| YOUR ASSIGNMENT |
All lines from the one holding "Host zm05.stanford.edu: Mailboxd: Active" to the end of the listing are to be output exactly, both ends included, with any pictures left out.

_ _ _ _

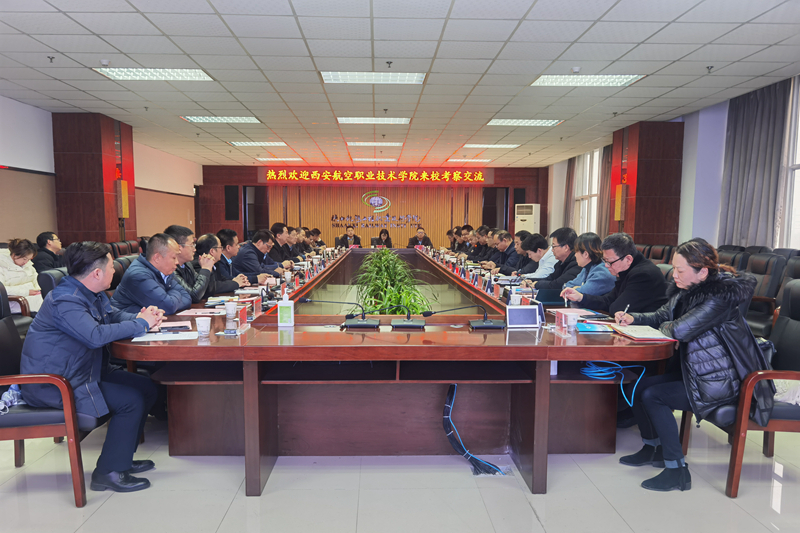 12月10日下午,西安航空职业技术学院党委书记周岩,校长张敏华,党委副书记王宏斌,副校长郭红星、侯晓方一行19人来校考察交流。
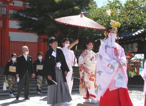 祝を意味する雅楽の演奏で、境内の石畳を進み神殿へ向かいます。
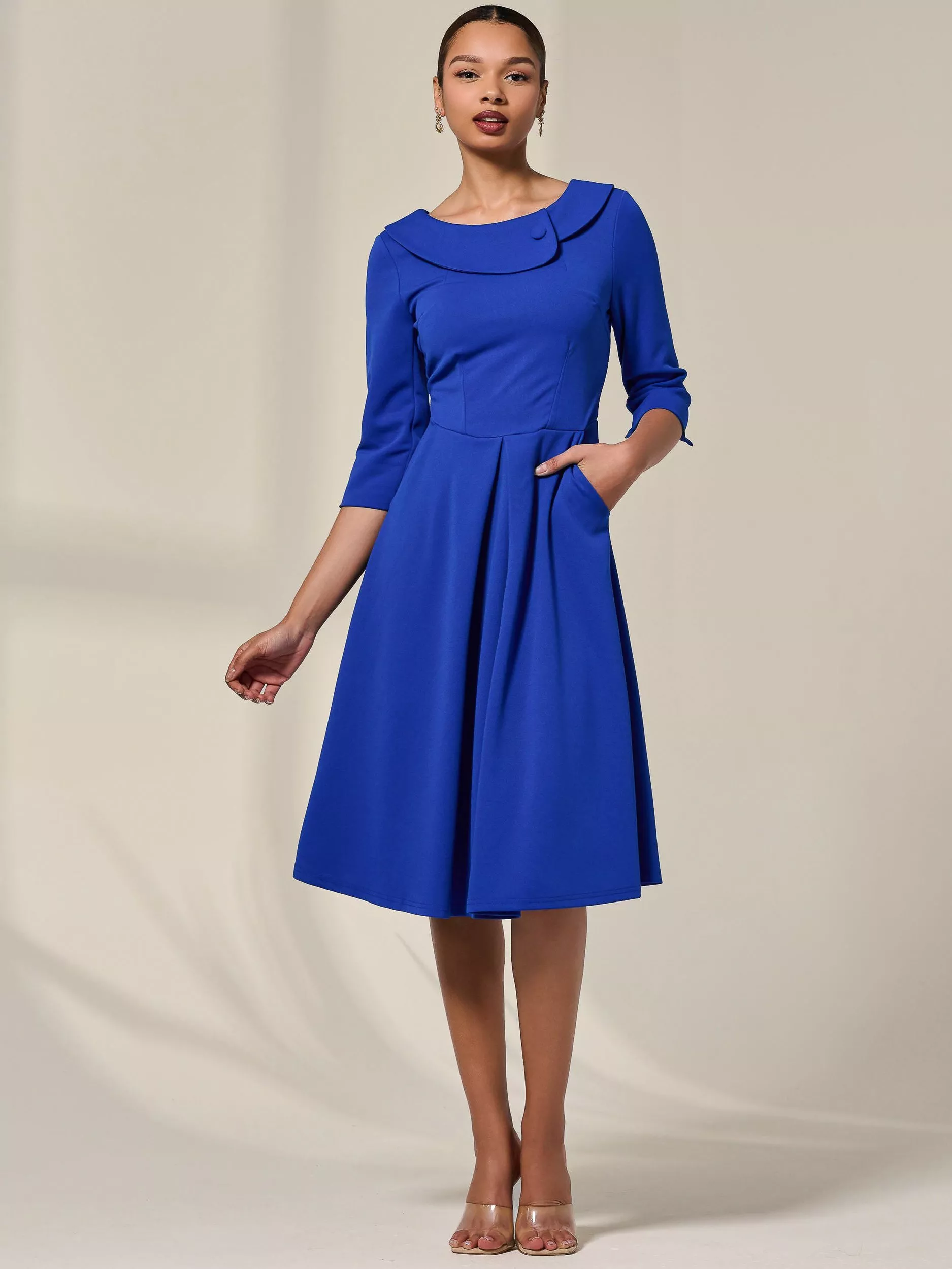 Channel your inner vintage elegance with the timeless 50's-inspired Midi Dress from Jolie Moi. The flattering round-collared neckline evokes timeless 50's glamour, while the 3/4 sleeves with chic slit detailing add a touch of sophistication. Designed to flatter, the flowy hem with a soft front pleat creates graceful movement, perfect for twirling through any occasion. It also features discreet front side pockets and a concealed zip for a seamless, elegant finish.
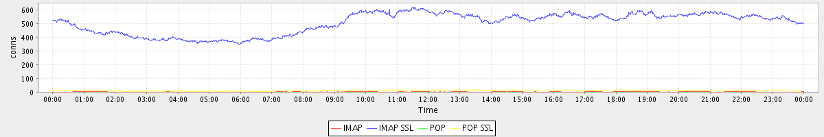 Host zm05.stanford.edu: Mailboxd: Active Connections by Client Protocol
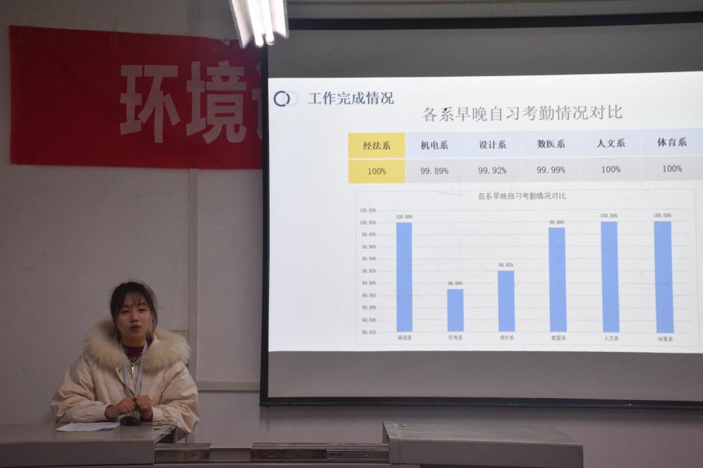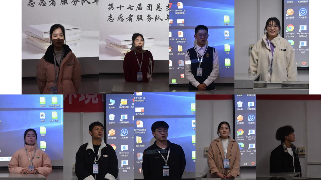 大会开始,由各部门代表--心委部符晶晶、网宣部张钧舒、综合部包东方、青联部邓雨婷、文体部林芝、学习部尹茜、新闻部帅贇、组织部胡祥、秘书处陈照依次上台代表部门做年终总结发言,各部门并通过视频的形式展示部门风采。
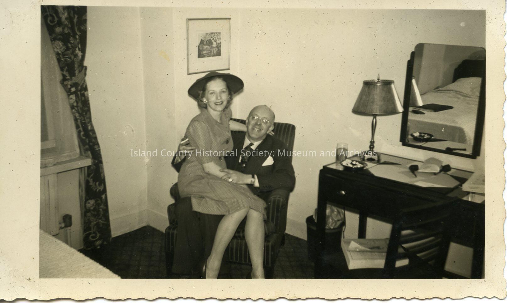 Photograph of a man wearing glasses, in a suit, sitting in an armchair; cigarette in his right hand. Woman in his lap, wearing a dress, and a hat. Desk, chair, mirror - in it can see a bed. Looks like the same room as in 2015.074.005 and 2015.074.007-.009. Large book on the chair. George KelloggMade/Created
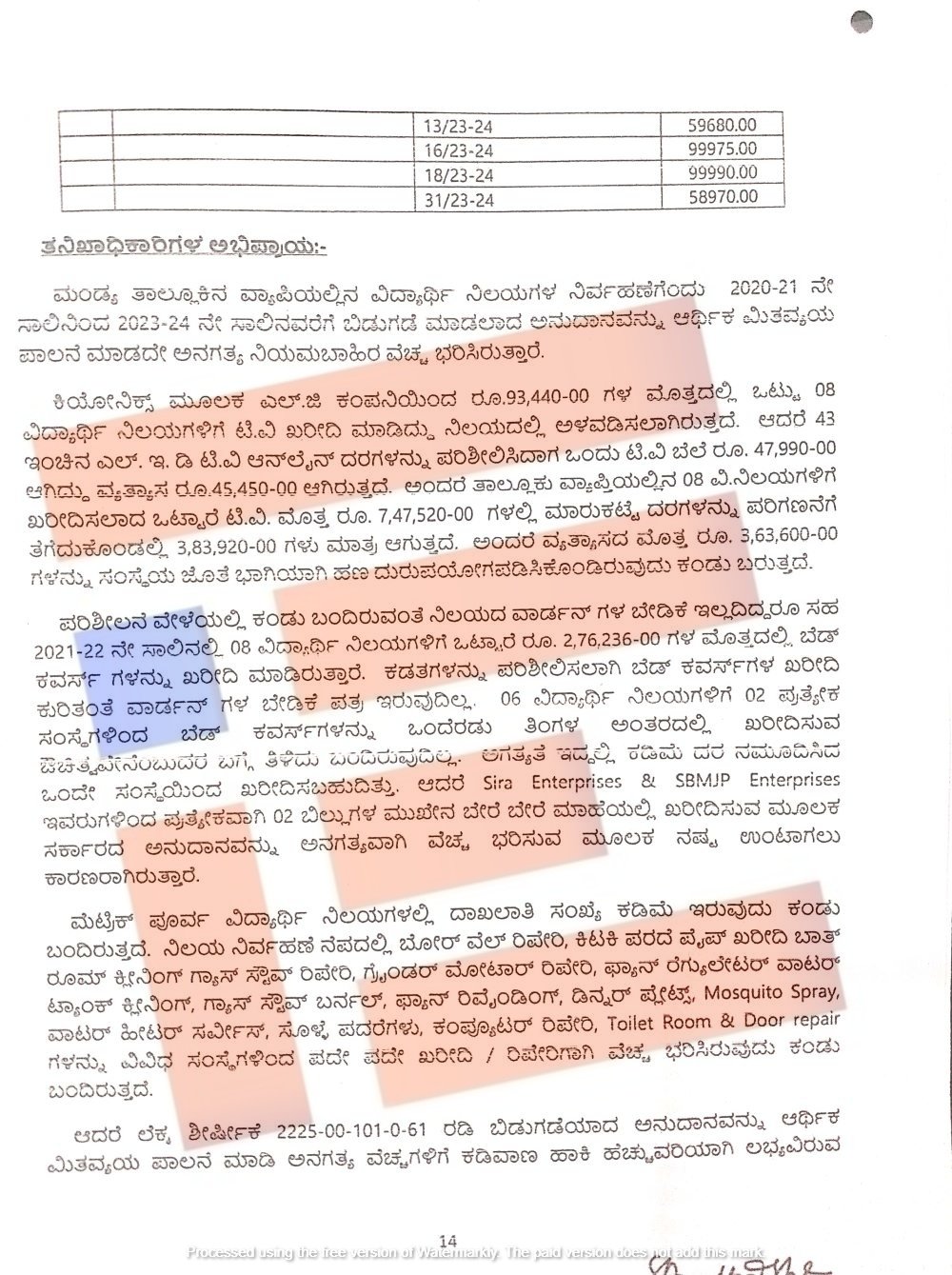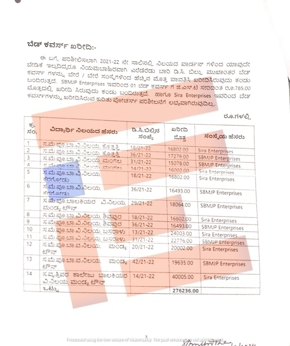 ಆದರೆ ಬೆಡ್ ಕವರ್ಸ್ಗಳಿಗೆ ವಿದ್ಯಾರ್ಥಿ ನಿಲಯಗಳ ವಾರ್ಡನ್ಗಳಿಂದ ಯಾವುದೇ ಬೇಡಿಕೆ ಇರಲಿಲ್ಲ. ಆದರೂ ನಿಯಮಬಾಹಿರವಾಗಿ ಎರಡೆರಡು ಬಾರಿ ಡಿ ಸಿ ಬಿಲ್ ಮುಖಾಂತರ ಬೆಡ್ ಕವರ್ಸ್ಗಳನ್ನು ಬೇರೆ ಬೇರೆ ಸಂಸ್ಥೆಗಳಿಂದ ಹೆಚ್ಚಿನ ಮೊತ್ತ ಪಾವತಿಸಿ ಖರೀದಿಸಿತ್ತು. ಎಸ್ಬಿಎಂಜೆಪಿ ಎಂಟರ್ ಪ್ರೈಸೆಸ್ನಿಂದ 01 ಬೆಡ್ ಕವರ್ಸ್ಗೆ ಜಿ ಎಸ್ ಟಿ ಸೇರಿದಂತೆ 785.00 ಮೊತ್ತದಲ್ಲಿ ಖರೀದಿಸಿರುವುದು ಕಂಡು ಬರುತ್ತದೆ. ಆದರೆ ಸಿರಾ ಎಂಟರ್ ಪ್ರೈಸೆಸ್ನಿಂದ ಬೆಡ್ ಕವರ್ಸ್ ಖರೀದಿಸಿರುವ ಬಗ್ಗೆ ವೋಚರ್ಸ್ಗಳನ್ನು ಪರಿಶೀಲನೆ ನೀಡಿರಲಿಲ್ಲ ಎಂದು ವರದಿಯಿಂದ ಗೊತ್ತಾಗಿದೆ.
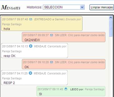 En la parte superior de la pantalla de mensajes tenemos la opción de Históricos en la cual podemos observar los mensajes de los últimos: 7 días, 3 días, 2 días, Ayer y Hoy

_ _ _ _

| OUTPUT |
 Host zm05.stanford.edu: Mailboxd: Active Connections by Client Protocol
 大会开始,由各部门代表--心委部符晶晶、网宣部张钧舒、综合部包东方、青联部邓雨婷、文体部林芝、学习部尹茜、新闻部帅贇、组织部胡祥、秘书处陈照依次上台代表部门做年终总结发言,各部门并通过视频的形式展示部门风采。
 Photograph of a man wearing glasses, in a suit, sitting in an armchair; cigarette in his right hand. Woman in his lap, wearing a dress, and a hat. Desk, chair, mirror - in it can see a bed. Looks like the same room as in 2015.074.005 and 2015.074.007-.009. Large book on the chair. George KelloggMade/Created
 ಆದರೆ ಬೆಡ್ ಕವರ್ಸ್ಗಳಿಗೆ ವಿದ್ಯಾರ್ಥಿ ನಿಲಯಗಳ ವಾರ್ಡನ್ಗಳಿಂದ ಯಾವುದೇ ಬೇಡಿಕೆ ಇರಲಿಲ್ಲ. ಆದರೂ ನಿಯಮಬಾಹಿರವಾಗಿ ಎರಡೆರಡು ಬಾರಿ ಡಿ ಸಿ ಬಿಲ್ ಮುಖಾಂತರ ಬೆಡ್ ಕವರ್ಸ್ಗಳನ್ನು ಬೇರೆ ಬೇರೆ ಸಂಸ್ಥೆಗಳಿಂದ ಹೆಚ್ಚಿನ ಮೊತ್ತ ಪಾವತಿಸಿ ಖರೀದಿಸಿತ್ತು. ಎಸ್ಬಿಎಂಜೆಪಿ ಎಂಟರ್ ಪ್ರೈಸೆಸ್ನಿಂದ 01 ಬೆಡ್ ಕವರ್ಸ್ಗೆ ಜಿ ಎಸ್ ಟಿ ಸೇರಿದಂತೆ 785.00 ಮೊತ್ತದಲ್ಲಿ ಖರೀದಿಸಿರುವುದು ಕಂಡು ಬರುತ್ತದೆ. ಆದರೆ ಸಿರಾ ಎಂಟರ್ ಪ್ರೈಸೆಸ್ನಿಂದ ಬೆಡ್ ಕವರ್ಸ್ ಖರೀದಿಸಿರುವ ಬಗ್ಗೆ ವೋಚರ್ಸ್ಗಳನ್ನು ಪರಿಶೀಲನೆ ನೀಡಿರಲಿಲ್ಲ ಎಂದು ವರದಿಯಿಂದ ಗೊತ್ತಾಗಿದೆ.
 En la parte superior de la pantalla de mensajes tenemos la opción de Históricos en la cual podemos observar los mensajes de los últimos: 7 días, 3 días, 2 días, Ayer y Hoy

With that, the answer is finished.